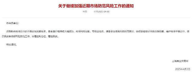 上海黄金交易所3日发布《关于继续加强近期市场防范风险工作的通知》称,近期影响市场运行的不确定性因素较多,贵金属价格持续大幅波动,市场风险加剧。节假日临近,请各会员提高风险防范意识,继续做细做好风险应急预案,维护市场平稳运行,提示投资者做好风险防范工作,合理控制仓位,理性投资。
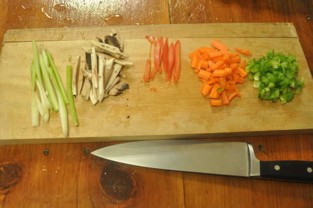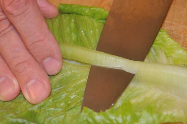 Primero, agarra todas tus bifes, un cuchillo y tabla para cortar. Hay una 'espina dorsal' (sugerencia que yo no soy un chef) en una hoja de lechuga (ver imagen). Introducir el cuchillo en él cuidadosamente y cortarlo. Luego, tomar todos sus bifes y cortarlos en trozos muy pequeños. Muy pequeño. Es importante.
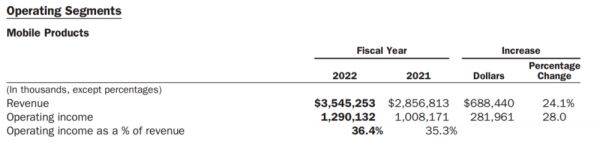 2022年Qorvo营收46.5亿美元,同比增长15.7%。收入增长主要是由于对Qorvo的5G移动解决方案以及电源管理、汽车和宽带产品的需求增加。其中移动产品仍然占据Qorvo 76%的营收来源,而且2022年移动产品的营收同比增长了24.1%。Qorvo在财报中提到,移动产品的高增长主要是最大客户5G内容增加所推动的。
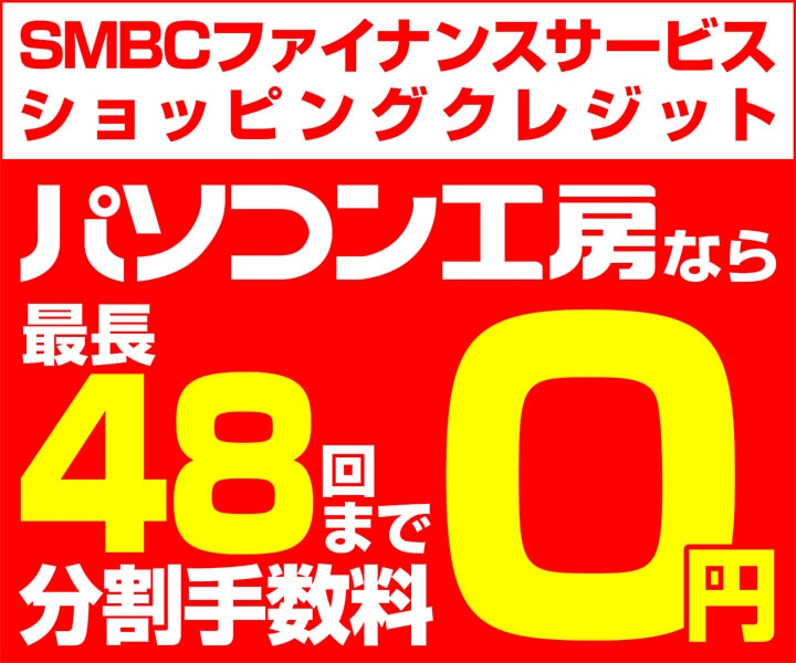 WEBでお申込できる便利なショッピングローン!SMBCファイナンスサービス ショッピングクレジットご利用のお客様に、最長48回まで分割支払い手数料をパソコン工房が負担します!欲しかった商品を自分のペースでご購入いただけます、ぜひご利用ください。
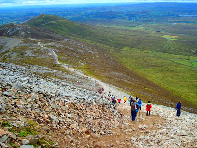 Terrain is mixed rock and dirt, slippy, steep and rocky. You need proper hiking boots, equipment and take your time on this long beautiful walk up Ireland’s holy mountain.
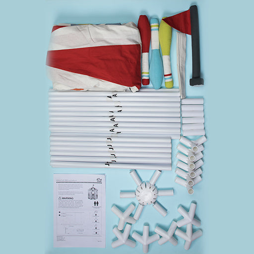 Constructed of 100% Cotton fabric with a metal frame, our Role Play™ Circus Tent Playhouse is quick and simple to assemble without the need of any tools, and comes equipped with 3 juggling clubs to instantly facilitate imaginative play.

----

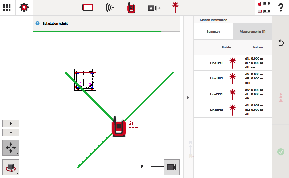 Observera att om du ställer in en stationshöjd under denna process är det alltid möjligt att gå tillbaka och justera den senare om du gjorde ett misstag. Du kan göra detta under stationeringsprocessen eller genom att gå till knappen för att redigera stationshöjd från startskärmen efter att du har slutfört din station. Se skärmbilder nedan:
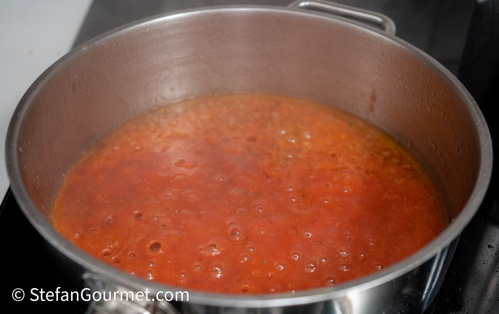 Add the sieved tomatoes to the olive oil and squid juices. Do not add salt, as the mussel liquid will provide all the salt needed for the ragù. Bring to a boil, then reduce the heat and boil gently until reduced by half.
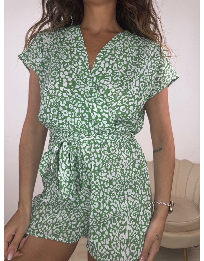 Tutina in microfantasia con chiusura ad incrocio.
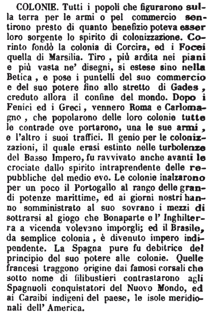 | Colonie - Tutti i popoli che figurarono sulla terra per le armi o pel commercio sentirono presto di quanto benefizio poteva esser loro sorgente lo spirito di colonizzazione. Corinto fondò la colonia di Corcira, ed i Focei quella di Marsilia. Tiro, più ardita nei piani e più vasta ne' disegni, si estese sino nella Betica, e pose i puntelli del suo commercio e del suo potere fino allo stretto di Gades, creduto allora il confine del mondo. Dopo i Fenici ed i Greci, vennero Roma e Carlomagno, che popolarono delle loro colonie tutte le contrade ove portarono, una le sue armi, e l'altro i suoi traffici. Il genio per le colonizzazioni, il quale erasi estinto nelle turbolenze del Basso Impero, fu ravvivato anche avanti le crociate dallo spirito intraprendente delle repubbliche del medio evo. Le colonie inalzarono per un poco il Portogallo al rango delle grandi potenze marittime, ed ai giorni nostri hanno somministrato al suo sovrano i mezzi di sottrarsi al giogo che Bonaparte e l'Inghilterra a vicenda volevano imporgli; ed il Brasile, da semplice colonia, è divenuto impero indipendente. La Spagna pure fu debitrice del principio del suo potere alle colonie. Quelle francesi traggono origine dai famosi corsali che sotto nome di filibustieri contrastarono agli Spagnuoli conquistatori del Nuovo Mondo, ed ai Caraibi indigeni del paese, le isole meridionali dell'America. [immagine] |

----

▸ **The problem**:
Above are the records. Copy only the lines from the one with "WEBでお申込できる便利なシ" through the one with "Constructed of 100%", exactly, with no pictures.

▸ **Response to this task**:
 WEBでお申込できる便利なショッピングローン!SMBCファイナンスサービス ショッピングクレジットご利用のお客様に、最長48回まで分割支払い手数料をパソコン工房が負担します!欲しかった商品を自分のペースでご購入いただけます、ぜひご利用ください。
 Terrain is mixed rock and dirt, slippy, steep and rocky. You need proper hiking boots, equipment and take your time on this long beautiful walk up Ireland’s holy mountain.
 Constructed of 100% Cotton fabric with a metal frame, our Role Play™ Circus Tent Playhouse is quick and simple to assemble without the need of any tools, and comes equipped with 3 juggling clubs to instantly facilitate imaginative play.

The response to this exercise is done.